Storage Advice: Store away from moisture in tightly sealed glass bottles. Acid cabinets or dedicated corrosive lockers make for safe long-term storage. Incompatible with bases, oxidizers, and most metals.
Engineering Controls: Work behind a chemical fume hood for every transfer or experiment. Emergency dousing showers and eyewash stations nearby limit the risk.
Personal Protective Equipment: Nitrile or neoprene gloves, chemical splash goggles, lab coat, and closed shoes form a basic shield. A face shield adds protection during risky transfers.
State: Liquid at room temperature
Color: Clear or pale yellow
Boiling Point: Reported in the range of 105–106 °C
Melting Point: Remains liquid well below freezing temperatures
Solubility: Reacts on contact with water, modest solubility in some organic solvents
Odor: Pungent, acrid, typical of perfluorinated sulfonic acid derivatives
Vapor Pressure: Produces noticeable vapors at room temperature
Chemical Stability: Stable under strictly anhydrous, sealed storage. Contact with water or humid air triggers rapid hydrolysis to form highly corrosive trifluoromethanesulfonic acid and volatile gases.
Dangerous Reactions: Intense reaction with water, alcohols, strong bases, and some organic compounds. Violent charring with some reducing agents can occur.
Incompatibles: Bases, oxidizers, alcohols, strong reducing agents, and metals with active surfaces.
Routes of Exposure: Vapors harm eyes, nose, and lungs. Skin absorption can leave significant chemical burns. Ingestion results in burning pain, tissue damage, and risk of systemic toxicity.
Acute Effects: Exposure leads to severe pain, redness, blistering of skin and eyes, possible pulmonary irritation, swelling, and in worst cases, necrosis of tissue.
Chronic Exposure: Prolonged or repeated skin contact may cause persistent ulcers or scarring.
Reported Health Data: Documentation on human toxicity cases highlights serious outcomes from direct exposure, though systemic poisoning is rare given prompt medical treatment.
Environmental Effects: Spillage contaminates water, endangering fish and aquatic organisms through rapid acidity change and possible fluoride release.
Degradability: Hydrolyzes quickly in water, producing triflic acid and trimethylsilanol which remain harmful.
Persistence and Bioaccumulation: Not likely to bioaccumulate in classic sense due to high reactivity, but metabolites remain toxic.
Disposal Protocols: Neutralize under strictly controlled conditions with non-reactive neutralizers.
Approved Waste Streams: Collect waste in acid-resistant containers for disposal as hazardous chemical waste.
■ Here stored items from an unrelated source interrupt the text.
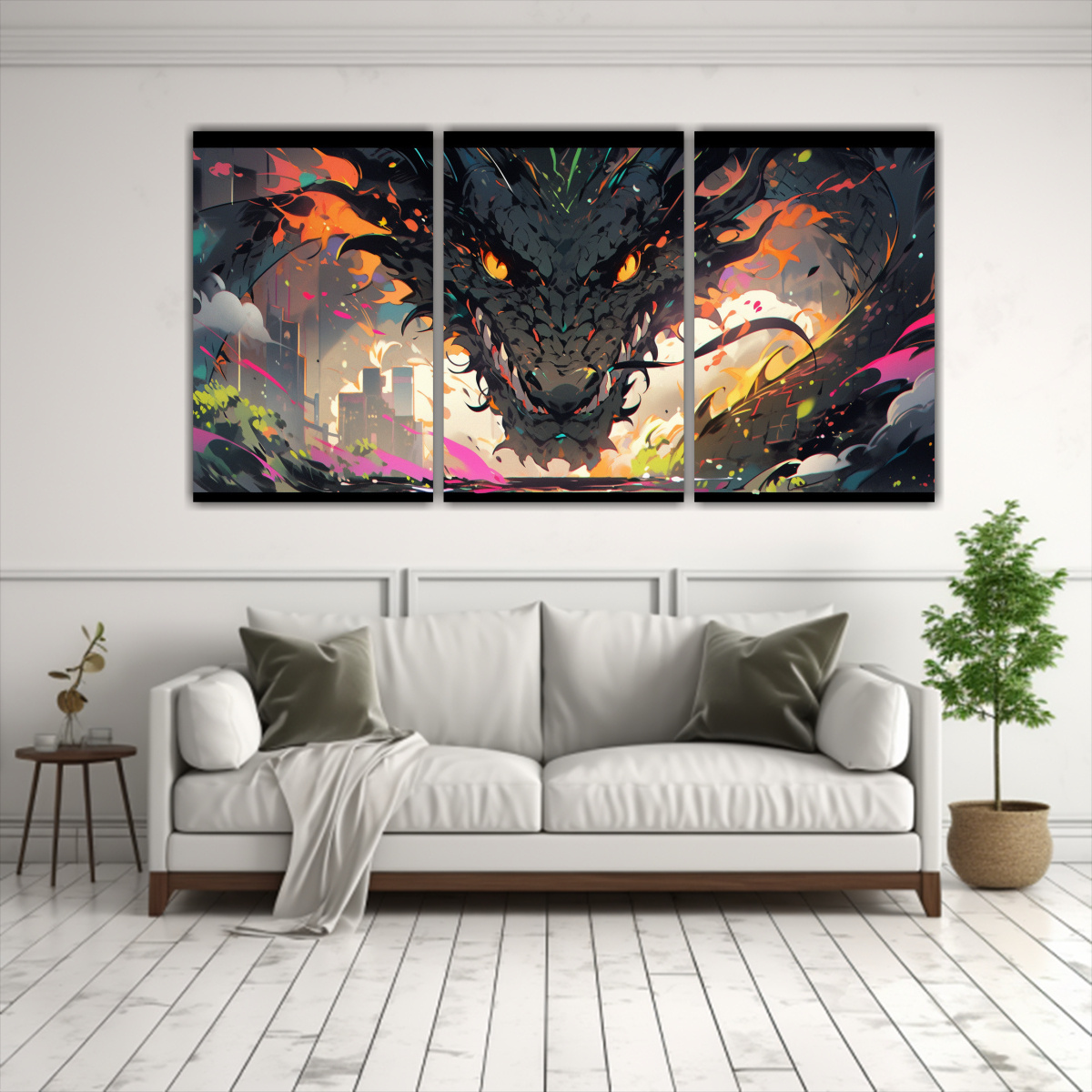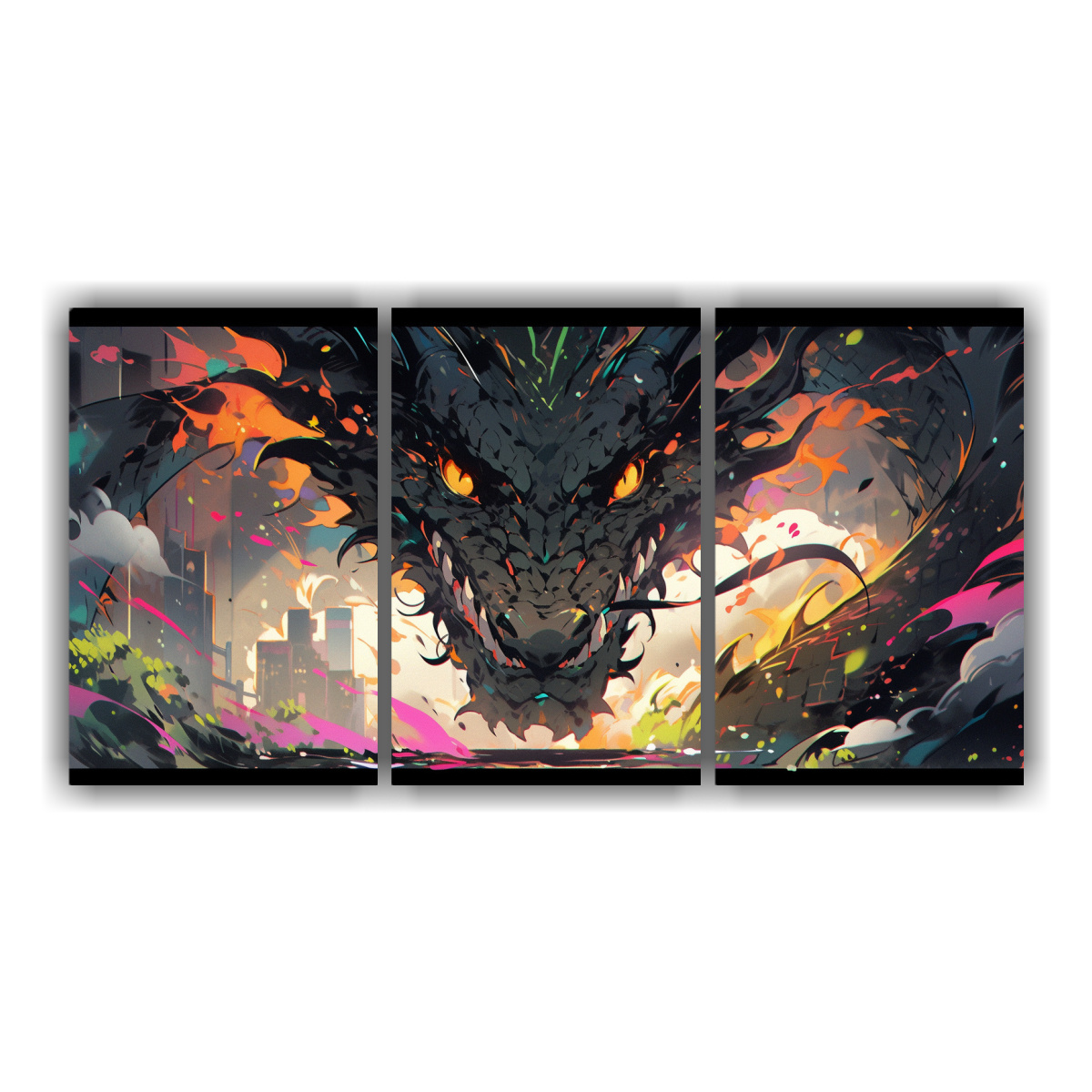 Cuadros Impresos Temática Dragón En Colores Negros Atmosfera Neonoir Neo Pop Arte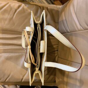 The purse has 2 main compartments with 2 open inner compartments and 2 zippered innner compartments.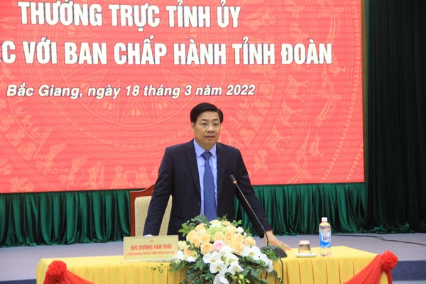 Tại buổi làm việc, đồng chí Bí thư Tỉnh ủy Bắc Giang đã trực tiếp đối thoại, lắng nghe tâm tư, nguyện vọng, đề xuất kiến nghị, giải đáp những thắc mắc, tháo gỡ khó khăn cho thanh niên và tổ chức đoàn các cấp trong tỉnh; trao đổi mục tiên, chiến lược phát triển của tỉnh trong thời gian tới và thông tin, gợi mở, định hướng những vấn đề cán bộ đoàn, đoàn viên, thanh niên quan tâm.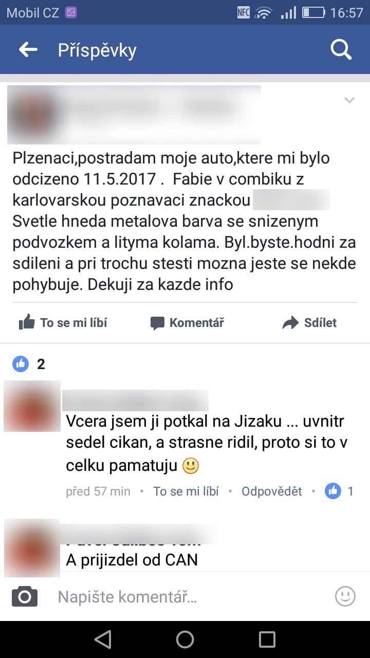 Paní prohledala okolí, zda se nezmýlila a nezaparkovala jinde, a pak celý případ oznámila policii. Následně také na diskuzní skupinu Plzeňáci nasdílela prosbu, zda vůz někdo neviděl, samozřejmě i s popisem svého auta. Díky výrazným markantům vozu jí téměř okamžitě lidé začali hlásit, kde a kdy vůz viděli, včetně toho, že vůz řídí Rom, který ale vůbec řídit neumí. Paní o těchto zjištěních průběžně informovala policii.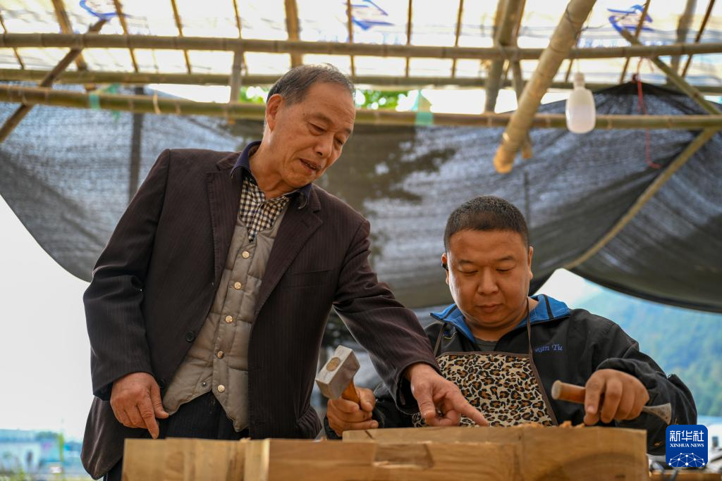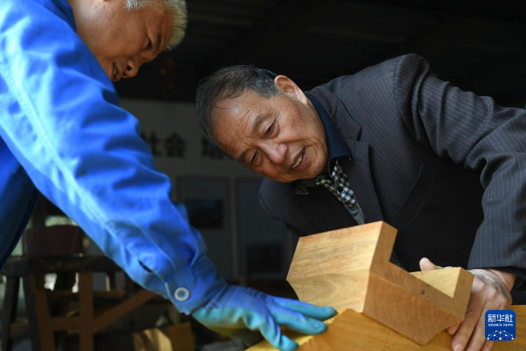 11月22日,黄大树(右)在浙江临海汇溪镇“古建共富工坊”指导当地工匠。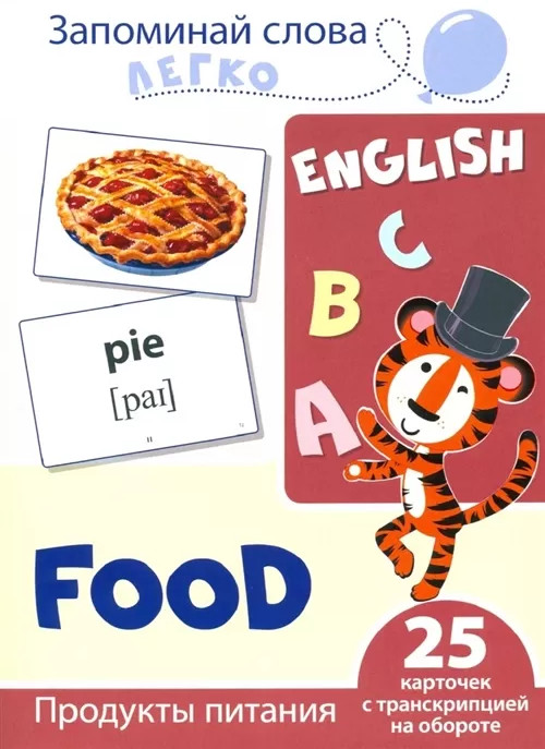 Запоминай слова легко. Продукты питания. 25 карточек с транскрипцией на обороте-20% +13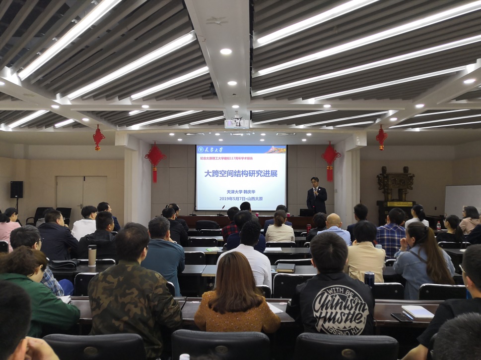 应学院的邀请,天津大学教授、博士生导师韩庆华于2019年5月7日到访77779193永利官网,在博学馆五层会议室做了题为“大跨空间结构研究进展”的学术报告,由雷宏刚院长主持,土木系师生100余人聆听了此次报告。
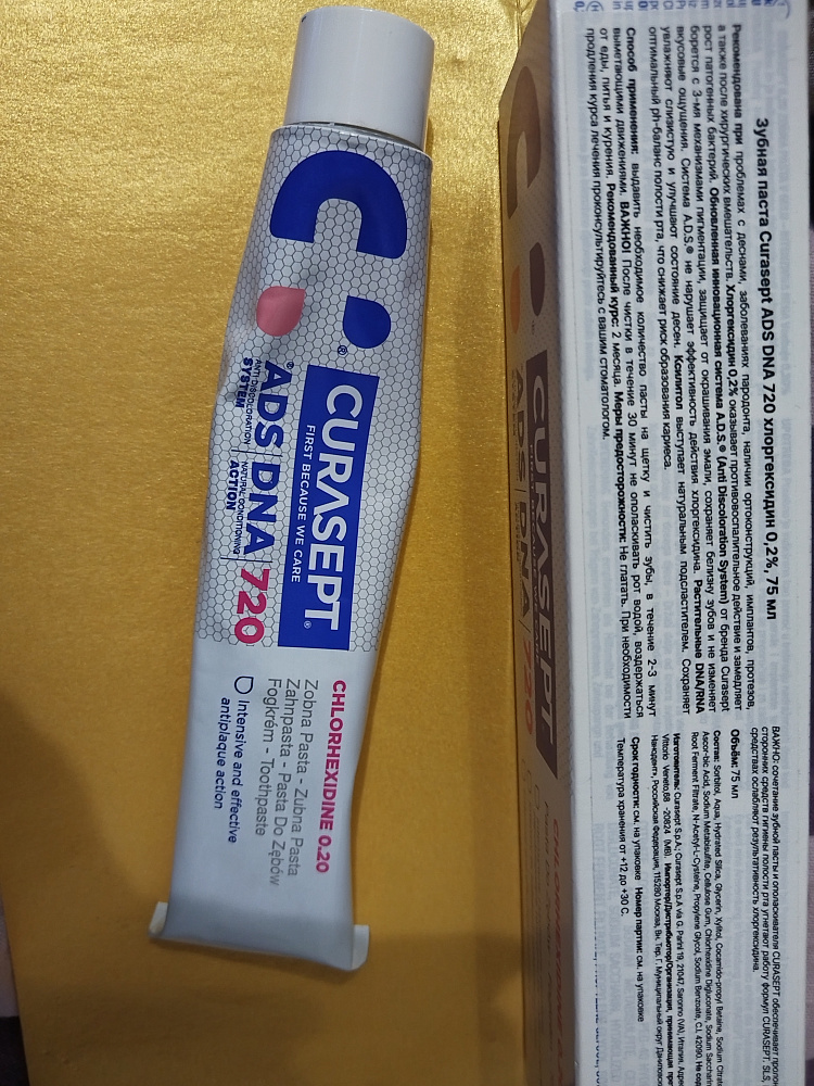 Зубная паста Curasept ADS 720 содержит 0,20% хлоргексидина биглюконата. Зубные пасты Curasept рекомендуется использовать во всех случаях, когда используются средства для полоскания полости рта с хлоргексидином. При применении таких ополаскивателей не должны использоваться зубные пасты, содержащие лаурилсульфат натрия, так как он нейтрализует действие хлоргексидина. Зубную пасту Curasept ADS 720 рекомендуется использовать с ополаскивателем Curasept ADS 220.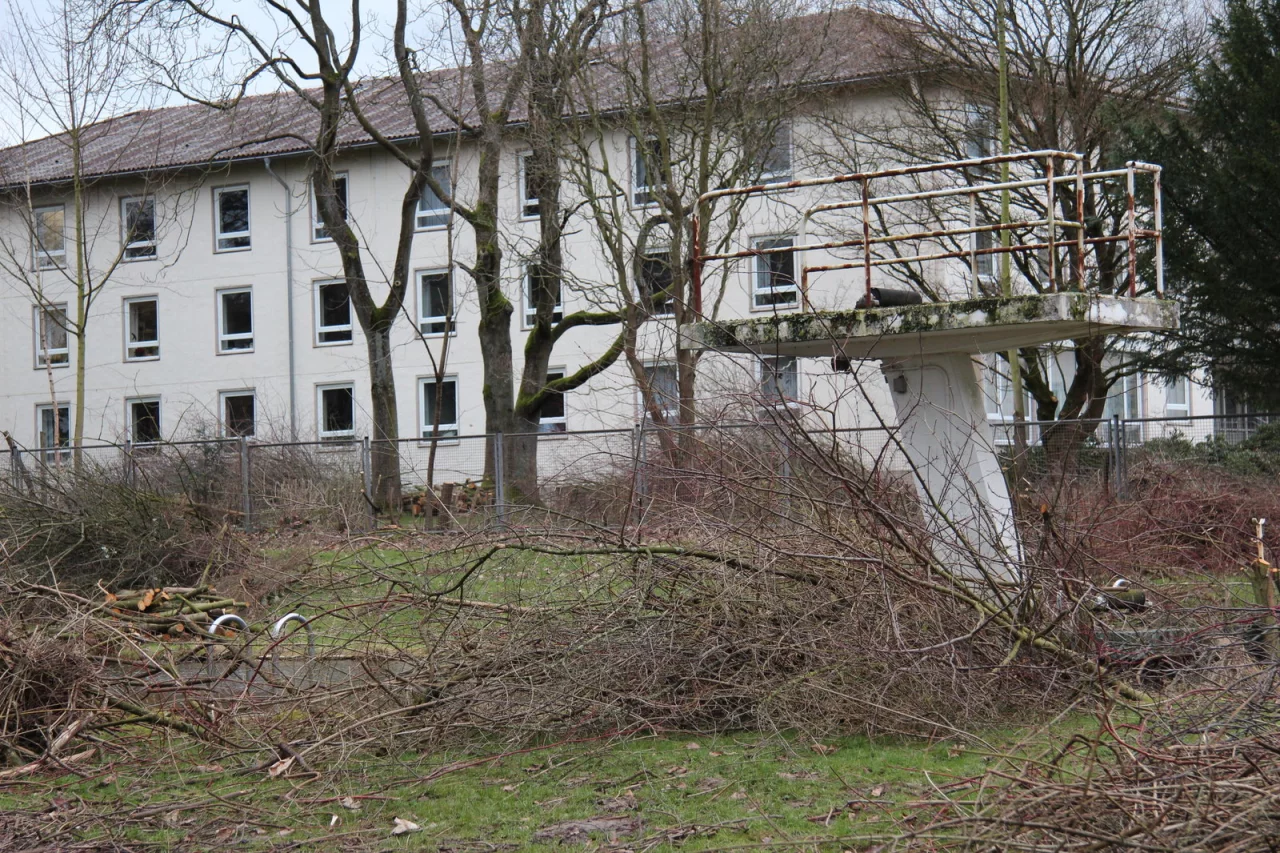 „Die Mitarbeiter sollten auf dem Gelände Sport treiben können“, sagt Krankenhaus-Pressesprecher Thomas Drawe. Mit speziellen Münzen konnten Schwimmer das Drehtor im Zaun um das Freibad passieren. Das diente dazu, dass nicht beispielsweise Patienten oder Besucher auf die Idee kamen, sich mal eben im Becken zu erfrischen. Vor knapp 30 Jahren wurde das Schwimmbad für immer geschlossen. Der Unterhaltungs- und Sanierungsaufwand war zu groß geworden. Heute dient das Becken als Löschteich für die Feuerwehr.

Specialized waste treatment facilities can manage the particular hazards of residual acidity and reactants.
Hazard Classification: Usually transported as a corrosive liquid, regulated under UN and local hazardous material rules. Packaging needs airtight seals and strong secondary containment.
Accident Prevention: Emergency guides warn of possible pressure buildup if moisture intrusion occurs, which is a lesson I’ve seen firsthand when bad seals or poor packaging created a cleanup headache during interlab shipments.
Legal Restrictions: Recognized under chemical safety and hazardous waste legislation in both the EU and US, often requiring dedicated logs and restricted access in inventory systems.
Worker Safety Standards: Enforced occupational exposure limits stay low due to inhalation risks and skin corrosivity; training for personal protective gear is both a legal responsibility and common sense.